I came across a bug in the zipfile python module yesterday that I had to fix today. The problem occurs when you try to create a ZipFile object and passing it a corrupt zip file. It doesn’t handle it gracefully like returning None or throwing an exception. Rather it heads into an infinite loop.

This is rather unfortunate for me. How would I get around this problem? The first thing I did was check for an updated python. Which there was a minor version upgrade. I found the changelog (why do they hide these things?) and noticed a few bugs resolved with the zipfile module. So I installed.
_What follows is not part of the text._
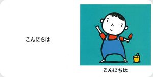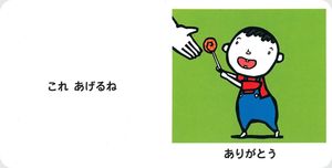 見開き展開で、一日の生活の中でかわされる、あいさつのことばを認識します。

Unfortunately, this didn’t solve my problem.

I managed to find a bug number in the python bug tracking software about people having similar problems. There was a patch, but hasn’t landed. I downloaded the latest stable version, but the patch wouldn’t go through. So I had to cvs checkout trunk and apply it. Once installed, I tried it and it worked! Success.

However, it broke other library I was using (PyXML). Unfortunate for me, the recent trunk build didn’t seem to fair any better.

At this point, I wasn’t in the mood for debugging. I had a few options at my disposal :

  1. Ignore this particular file
  2. Suck it up and debug it.
  3. Find a whacky work-around

Option 1 isn’t an option. Option 2 I tried for a fair while, but nothing worked. So Option 3 was my only option!

I tried using a lower level library to see if I can fix the problem (zlib library), but that didn’t work well at all.

I finally thought I had no choice but to initiate a thread to try and unzip the xpi, and if it took longer than 10 seconds, to kill the thread somehow. While seriously looking into this, and fighting the temptation to take tequelia shots at work. I came across signals (which I thought I could use to send to the thread. I’m so naive). It turns out, you can throw a signal after a specific number of seconds and it throws the SIGALRM. This was exactly what I needed without the extra complexity. The example provided was almost exactly what I did too! Here is my solution to the problem :

		signal.signal(signal.SIGALRM, signal_handler)
		signal.alarm(10)
		try:
			zippy = zipfile.ZipFile(io, 'r')
			signal.alarm(0)
		except:
			print "\tZipFile Timeout"
			continue

Maybe python isn’t just for programming sissies after all.